Start of Dataset
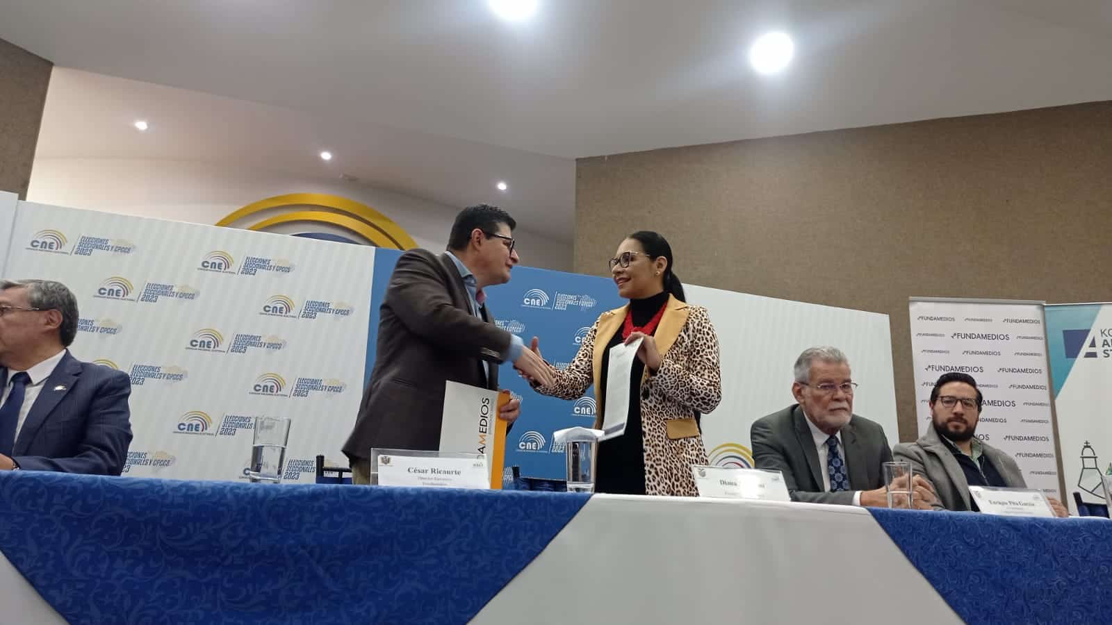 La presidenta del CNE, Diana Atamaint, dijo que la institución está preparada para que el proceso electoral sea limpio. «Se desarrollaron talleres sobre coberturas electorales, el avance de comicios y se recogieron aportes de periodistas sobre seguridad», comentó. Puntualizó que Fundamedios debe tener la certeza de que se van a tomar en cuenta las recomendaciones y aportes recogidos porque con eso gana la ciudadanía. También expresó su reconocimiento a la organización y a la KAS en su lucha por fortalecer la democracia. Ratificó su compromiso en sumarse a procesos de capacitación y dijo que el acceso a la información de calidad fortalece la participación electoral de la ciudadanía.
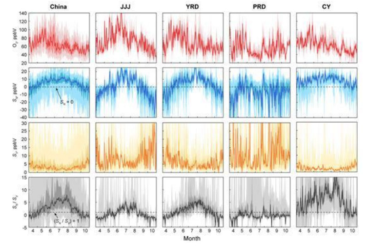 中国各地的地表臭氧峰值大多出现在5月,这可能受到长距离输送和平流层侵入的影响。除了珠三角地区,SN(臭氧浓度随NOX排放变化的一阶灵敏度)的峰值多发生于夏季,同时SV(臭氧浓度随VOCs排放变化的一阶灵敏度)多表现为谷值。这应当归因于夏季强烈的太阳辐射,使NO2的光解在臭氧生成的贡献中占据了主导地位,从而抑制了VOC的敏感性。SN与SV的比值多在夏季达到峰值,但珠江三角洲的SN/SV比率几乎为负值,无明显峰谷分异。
End of Dataset
Start of Dataset
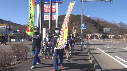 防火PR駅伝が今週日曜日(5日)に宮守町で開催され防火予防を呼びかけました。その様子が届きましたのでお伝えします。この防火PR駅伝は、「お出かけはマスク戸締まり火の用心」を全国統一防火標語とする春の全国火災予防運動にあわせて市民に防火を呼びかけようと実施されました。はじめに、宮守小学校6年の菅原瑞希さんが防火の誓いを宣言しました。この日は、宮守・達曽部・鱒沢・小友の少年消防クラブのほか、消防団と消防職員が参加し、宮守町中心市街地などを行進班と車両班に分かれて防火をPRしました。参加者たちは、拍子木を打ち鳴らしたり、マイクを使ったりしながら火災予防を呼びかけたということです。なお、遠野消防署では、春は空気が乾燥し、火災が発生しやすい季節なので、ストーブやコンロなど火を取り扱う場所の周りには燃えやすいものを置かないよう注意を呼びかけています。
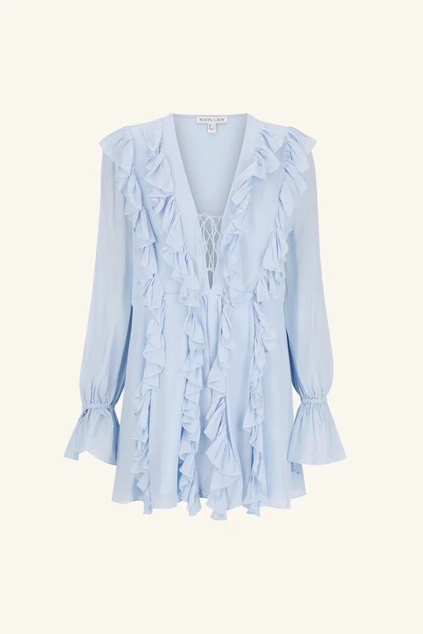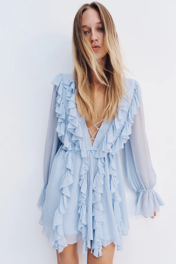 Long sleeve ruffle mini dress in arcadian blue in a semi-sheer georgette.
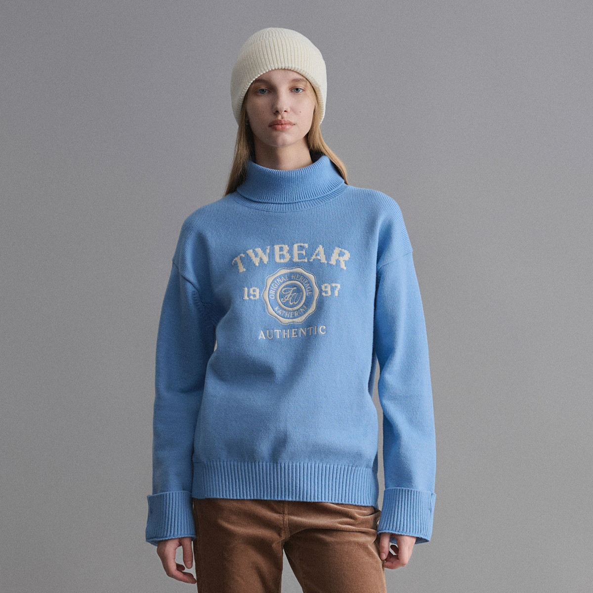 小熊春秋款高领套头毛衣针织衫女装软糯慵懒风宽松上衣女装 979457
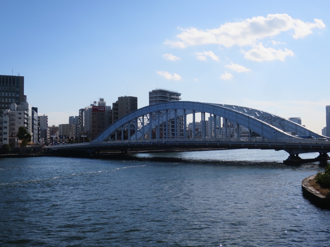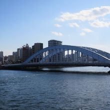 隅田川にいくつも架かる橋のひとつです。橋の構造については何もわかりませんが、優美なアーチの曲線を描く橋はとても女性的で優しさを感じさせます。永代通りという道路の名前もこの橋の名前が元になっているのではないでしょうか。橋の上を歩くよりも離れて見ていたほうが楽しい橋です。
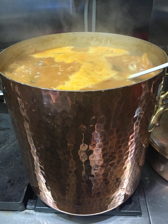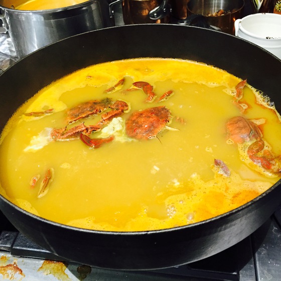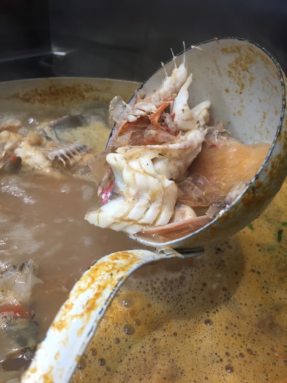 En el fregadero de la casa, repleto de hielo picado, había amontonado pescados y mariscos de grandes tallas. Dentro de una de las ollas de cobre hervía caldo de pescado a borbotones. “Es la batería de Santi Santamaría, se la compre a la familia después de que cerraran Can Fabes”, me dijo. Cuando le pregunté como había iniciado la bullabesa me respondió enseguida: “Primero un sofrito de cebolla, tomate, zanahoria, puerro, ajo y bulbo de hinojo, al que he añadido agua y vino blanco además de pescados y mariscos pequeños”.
End of Dataset
> [What you should do] Reproduce exactly the lines above that run from the one with "La presidenta del" to the one with "中国各地的地表臭氧峰值大多出", both included, leaving pictures out.

> [Problem solution]
 La presidenta del CNE, Diana Atamaint, dijo que la institución está preparada para que el proceso electoral sea limpio. «Se desarrollaron talleres sobre coberturas electorales, el avance de comicios y se recogieron aportes de periodistas sobre seguridad», comentó. Puntualizó que Fundamedios debe tener la certeza de que se van a tomar en cuenta las recomendaciones y aportes recogidos porque con eso gana la ciudadanía. También expresó su reconocimiento a la organización y a la KAS en su lucha por fortalecer la democracia. Ratificó su compromiso en sumarse a procesos de capacitación y dijo que el acceso a la información de calidad fortalece la participación electoral de la ciudadanía.
 中国各地的地表臭氧峰值大多出现在5月,这可能受到长距离输送和平流层侵入的影响。除了珠三角地区,SN(臭氧浓度随NOX排放变化的一阶灵敏度)的峰值多发生于夏季,同时SV(臭氧浓度随VOCs排放变化的一阶灵敏度)多表现为谷值。这应当归因于夏季强烈的太阳辐射,使NO2的光解在臭氧生成的贡献中占据了主导地位,从而抑制了VOC的敏感性。SN与SV的比值多在夏季达到峰值,但珠江三角洲的SN/SV比率几乎为负值,无明显峰谷分异。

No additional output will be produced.